The Bosch motor uses five wires. The 1979+ Spider uses six wires. I believe the 1979+ X 1/9s also use six wires. I wish I had more information to back up my claims but I think Fiats from 1978 and back use five wire wiper motors. Somehow I accumulated several Marelli wiper motors over the years and I have some that use only five wires. So no matter which model or year Fiat you have, you can make this motor work on your car. The trick is to figure out which wires do what on the harness and go from there. Other than my Yugo which uses five wires, the only Fiat I own is a 1980 Spider so this is what I'll concentrate on. If you own say a 1981 X 1/9, these wires should have the same function but are different colors.

Blue/Black --> Always hot when ignition switch is on
Blue/White --> Hot only when wipers are in constant mode
Black/Grey --> Hot on both slow and fast, constant and intermittant
Blue --> Hot only on fast speed
Grey --> Hot only on slow speed
Black --> Ground

Here's a photo of the Yugo motor with the gear exposed. The Bosch motor is similiar.
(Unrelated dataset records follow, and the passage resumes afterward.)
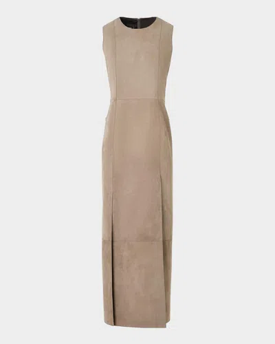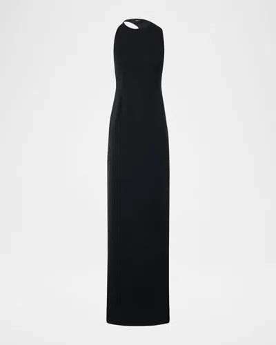 Sleeveless Back-cutout Wool Slit Gown In Black
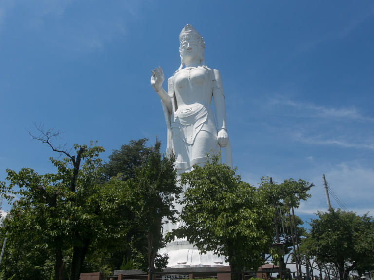 韮崎のランドマーク、アメリカヤの裏手に位置する七里岩南端。富士山を見渡す小高い丘の上に、平和観音があります。韮崎の町を見つめるように立っている観音様は身長16.6メートル(台座を入れると18.3メートル)、体重は308トン。この巨大な観音様は、昭和34年8月に着工し、2年2ヶ月の月日をかけ完成されました。この観音様は市民の平和と無限の発展の祈りを込められて建立されたもの。韮崎の人たちの地元を思う気持ちが伝わってきます。ただそこにある、それだけで完結するものは美しく、見る者を魅了します。
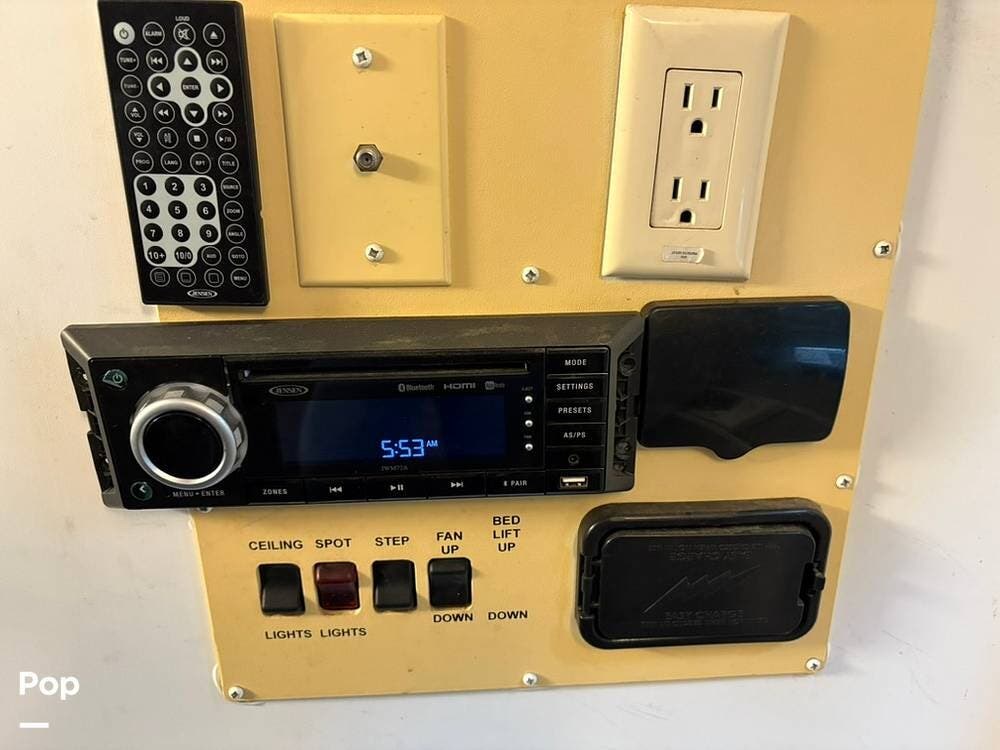Additional sleeping includes a bunk above the garage area and the convertible sofa, handy for kids or crew on group trips.

Notice the fingers on the gear cover. As the motor turns each finger makes contact with a certain spot on the disc. One makes contact all the time. One touches the brass portion of the disc briefly and the other one makes contact most of the time.
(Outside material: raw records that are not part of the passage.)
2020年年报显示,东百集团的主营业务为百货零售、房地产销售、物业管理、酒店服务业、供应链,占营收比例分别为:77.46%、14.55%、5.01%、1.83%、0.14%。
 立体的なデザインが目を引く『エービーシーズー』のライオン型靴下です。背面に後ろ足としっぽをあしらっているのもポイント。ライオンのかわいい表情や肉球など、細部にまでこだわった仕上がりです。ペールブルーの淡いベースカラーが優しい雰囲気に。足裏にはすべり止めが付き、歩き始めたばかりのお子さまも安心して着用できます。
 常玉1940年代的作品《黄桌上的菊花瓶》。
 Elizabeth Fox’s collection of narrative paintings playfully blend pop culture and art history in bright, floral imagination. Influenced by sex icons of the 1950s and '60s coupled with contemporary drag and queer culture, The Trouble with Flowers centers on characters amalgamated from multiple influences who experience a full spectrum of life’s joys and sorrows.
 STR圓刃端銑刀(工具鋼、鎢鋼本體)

The trick was to isolate the finger that is grounded to the body and solder a six wire to it. I took a some wire cutters and cut the tab and bent it so that it did not touch any of the other wires or the body of the wiper motor. Also notice that I trimmed off a section of the motor which was used as a support bracket for the VW wiper linkage. When I linked the wires from the car's wiring harness to the wiper motor, I used 12 AWG wire. This may be overkill. Just don't use anything thinner than 14 AWG.

The color of the wires on the Bosch motor do not correspond like one would expect.

Brown ---> Ground
Red ---> Slow
Yellow ---> Fast
White ----> Hot on fast and slow
Black ---->Always hot
Tab -----> Grounded to the wiper motor's body

Once the tab on the Bosch motor is isolated from the gear cover and a six wire soldered to it, it's just a matter of connecting the wires from the motor to the harness on the Spider.

So it's like this (Bosch motor ---> Spider's harness):

Brown --> Black
Red --> Grey
Yellow -> Blue
White --> Grey Black
Black --> Blue/Black
Tab ---> Blue white

Keep in mind the Spider uses a knob on the dashboard to control the speed so I may have the "speed" wires reversed. You will never know this on a Spider but on the X 1/9 where the speed is selected by the column switch, may show up as being reversed so keep that in mind if this happens.

Now let's assume you have an older Fiat that uses a wiper motor with five wires. Well your in luck because you shouldn't have to isolate the tab from the wiper motor! When I removed the gear cover from a five wire Marelli motor I discovered that one of the contacts in the park mechanism is grounded.

PICTUREHere is a photo of the Marelli motor's gear cover removed. These should be the same on all Fiats except for the number of wires used. On five wire motors, one of the contacts will be grounded. So there is no need to break the tab on the back of the Bosch motor and solder an extra wire.

Notice that one contact is fixed and is attached to a tab which can make contact with two other contacts depending upon the position of the wiper motor. In this position the circuit is being completed "most" of the time. As the cam gear rotates, it breaks contact and makes contact "breifly" with the other contact. On the backside of the gear cover are wires soldered to these contacts. So once you figure out what these wires do on your Fiat, correspond them to the wires on the Bosch motor.

Since the wiring differs between models throughout the years I cannot explain which wires goto what on every model. But if you wish to carry out this conversion, just send me an email and I'll try to help. I hope this webpage makes sense.

OH and one more thing to mention. The Bosch motor turns in the opposite direction as the Marelli motor. At first I thought this might be an issue but it makes no difference. Just make sure you mark the location on the linkage so the wipers are correctly positioned. I found it best to turn the wiper motor on before connecting it to the linkage so it can park correctly, then connect it to the linkage, turn it on again, then install the wiper arms.